Em uma palestra proferida em 1987 para estudantes
de cinema, Gilles Deleuze aponta nos personagens de Dostoiévski, filmados por
Akiro Kurosawa, uma forma de agitação pela qual estão sempre vitimados pela
urgência: “Tânia me espera, é preciso que eu vá”, ou “É um incêndio, é preciso
que eu vá” – mas qualquer incidente ou encontro casual com alguém os leva a
esquecer a pressa e o chamado. Isso acontece porque, ao mesmo tempo em que são
presas dessa urgência, os personagens do autor russo “sabem que há uma questão
ainda mais urgente, embora não saibam qual”. Essa noção de que há um problema
mais profundo do que aquele da circunstância do momento paralisa os personagens
e os desperta para alguma coisa que, embora não definida, é ainda mais urgente.
O próprio Kurosawa tem em seus filmes essa marca dostoievskiana de criar
personagens inquietos, que se metem em situações incríveis, mas nunca perdem o
sentido dessa “coisa mais urgente” que está além de tudo e é a mais importante
de todas.
Isso configura uma atitude basicamente filosófica
diante da vida. Vamos dizer que os fatos do dia-a-dia são matéria de
informação, e essa “coisa mais urgente” seja matéria de contra-informação
efetiva, para usar as palavras de Deleuze, porque resiste aos fatos cotidianos
e corriqueiros, vai mais além da opinião e da ação imediata.
A sociedade em seus mecanismos de controle não está
além do cotidiano; muito ao contrário, dobra-se sobre o cotidiano para mantê-lo
dentro de suas normas. O controle se exerce com objetivos pragmáticos, para
conseguir resultados concretos. Por isso Deleuze define a arte como ato de
resistência à sociedade de controle. Mas não é só isso.

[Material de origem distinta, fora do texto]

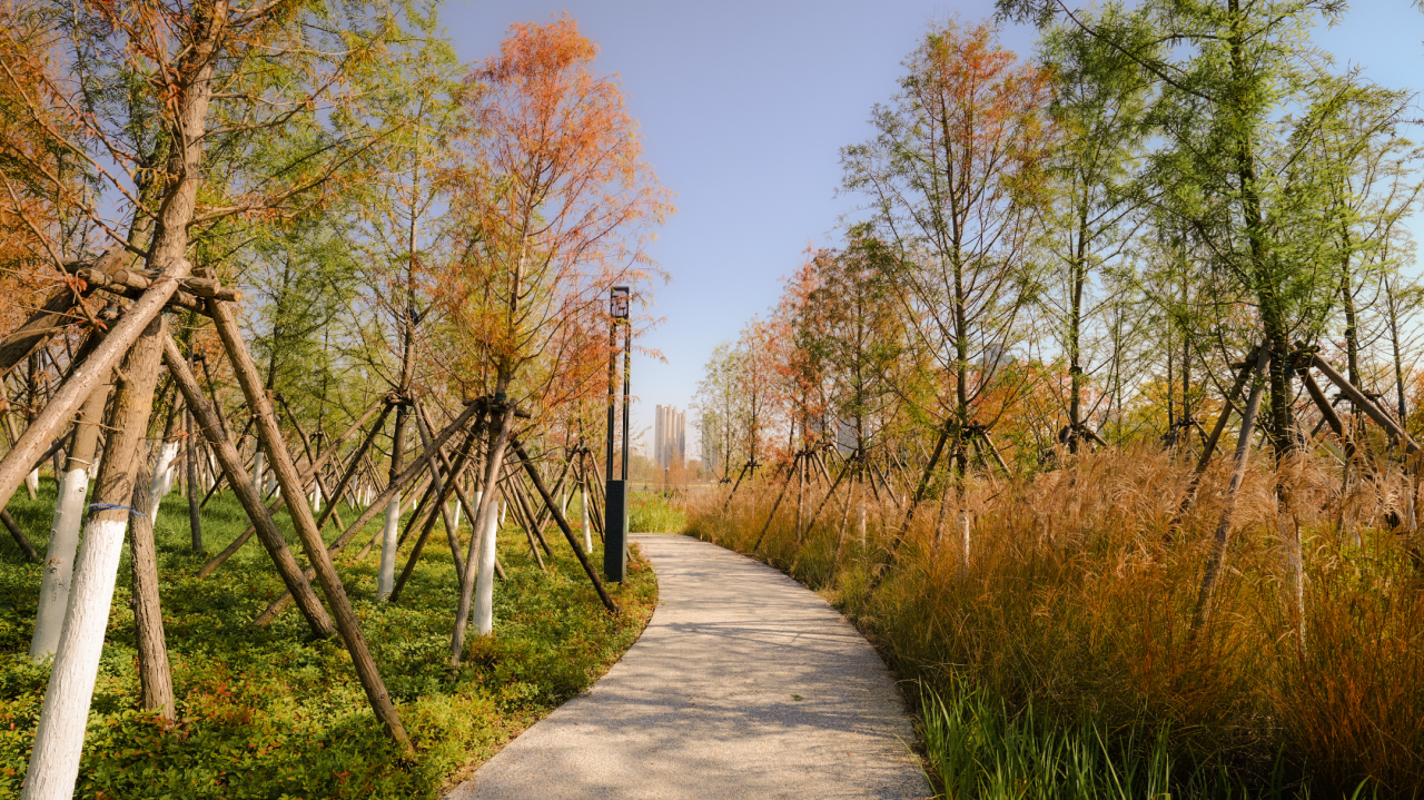 设计采用 “乔木 + 灌木 + 原生地被” 的混植模式,没有规整的绿化色块,而是让秋色叶树(橙红、金黄叶)、常绿树与草本植物自然交织,既模拟原生生态的野性层次,又通过季相植物的搭配,让画面随季节呈现丰富的色彩变化,避免了人工绿化的刻板感。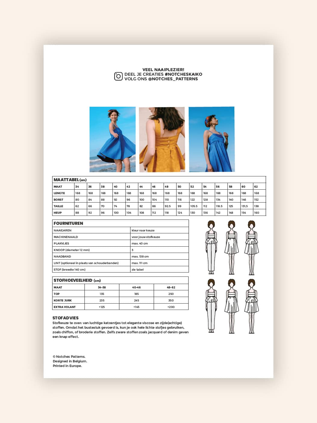 Van zonovergoten stranddagen tot cocktailavonden, van peplum top tot chique jurk, of hip te dragen over een T-shirt, Kaiko is dé must-have voor de zomer én tussenseizoen. Voor de lengte kan je kiezen uit twee opties: een korte top of een jurk net boven de knie. Het rokdeel waaiert wijd uit. Combineer beide rokdelen en maak er een zwierige laagjesjurk van! De knopensluiting op de rug zorgt voor een mooi aanpassende snit. Je kan brede schouderbandjes maken die op vorm getekend zijn voor een mooie pasvorm, of kan je opteren voor smallere voorgemaakte linten. En het best van al is: het gevoerde borststuk komt in verschillende cupmaten en het patroon gaat tot maat 62!

Ele se reporta a um
conceito de André Malraux: a arte é a única coisa que resiste à morte. O exemplo
que ele invoca é bem significativo: uma estatueta de 3 mil anos antes de Cristo
ainda causa prazer por sua beleza, e no entanto passaram-se milênios de civilizações
e culturas diferentes.
Considerando que a morte é um controle da vida, no
sentido de uma limitação imposta, pode-se estender esse conceito até mesmo a
gestos e símbolos de resistência que, se não são necessariamente obras ditas de
arte, mantêm com elas uma afinidade de significação nos modos como se originam
e como afetam a sensibilidade humana. Mas existe sempre, em toda obra de arte,
um traço de resistência, de avanço em relação a sua época e de perenidade, no
sentido em que ela vale para outro tempo muito além, talvez para sempre, o que
é muito para se dizer. Por isso Paul Klee, o pintor, dizia que toda obra de
arte faz apelo a um povo que ainda não existe.
3 comentários:
Tão lúcido e tão bem escrito o seu texto, querida Dade. Penso que a arte é o caminho, a saída, mesmo, e fico feliz lendo seu texto, porque estou nos meses finais da formação em arteterapia, a leitura me trouxe algumas reflexões importantes nesse momento.
Beijo grande, sempre e sempre bom te ler!
Beijos
A lucidez do texto lembraa mim que a morte impõe limite à vida. Eu tenho lutado nos últimos anos para que a cada dia possa superar esse limite.
A vida não poderia imitar a arte e fazer peças imorredouras? Porque nós, peças de barro feitas pelo artista maior temos que quebrar com o passar dos anos?
uma obra de arte resiste ao tempo, fala a outras gerações, transpõe vidas e realidades diferentes.